As well as data summaries, exploration with plots is an essential step for checking values and the distribution of data. There are quite a few plotting packages for julia with various general or more specific uses. In this post we’ll use the Makie (Danisch and Krumbiegel 2021) package which seems to have good mindshare in the julia community, is being actively developed and can cover many different graphical presentation styles. To use Makie for faceted plots we can call on the AlgebraOfGraphics package which is built on Makie. If you’ve used ggplot2 in R then AlgebraOfGraphics aims to provide very similar functionality. I tried several other packages (Gadfly, StatsPlots, VegaLite) here as well but I couldn’t get any of them to produce a plot I liked.
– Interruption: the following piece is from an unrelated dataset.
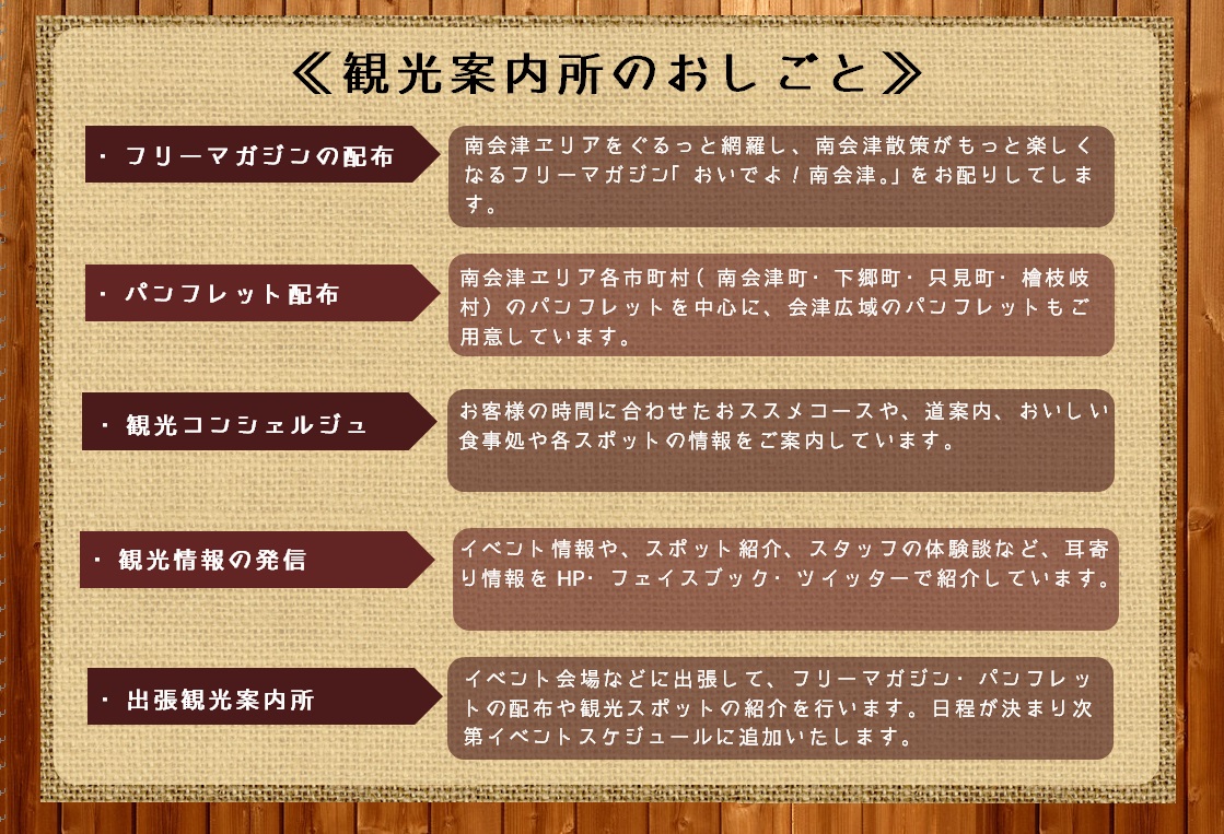 | ■おいでよ!南会津。観光案内所について | |

It seems as though production of facet/trellis plots with jittered data points is an area for development in julia!

Unfortunately AlgebraOfGraphics doesn’t support jittering points (or a beeswarm plot) yet (I think jittering is useful in a plot like this so all the data can be seen) so in the code below we create boxplots rather than jittered points.

# faceted boxplot of all variables coloured by Sex
bxpl = data(dfl) * visual(BoxPlot) * mapping(:sex, :value, color =:sex, layout = :variable) # faceting is defined by layout argument
# http://juliaplots.org/AlgebraOfGraphics.jl/dev/gallery/gallery/layout/faceting/
cols = ["F" => :firebrick, "M" => :cornflowerblue]
# draw() to show plot
draw(bxpl, facet = (;linkyaxes = :none), palettes = (color = cols,), figure=(;resolution=(800,800))) # note trailing comma needed in palettes argument (defines a tuple)

Note

On my systems (i7 macbook pro (2015) & i7 linux machine; both 16Gb RAM) this plot takes about 55s… time to first plot problem!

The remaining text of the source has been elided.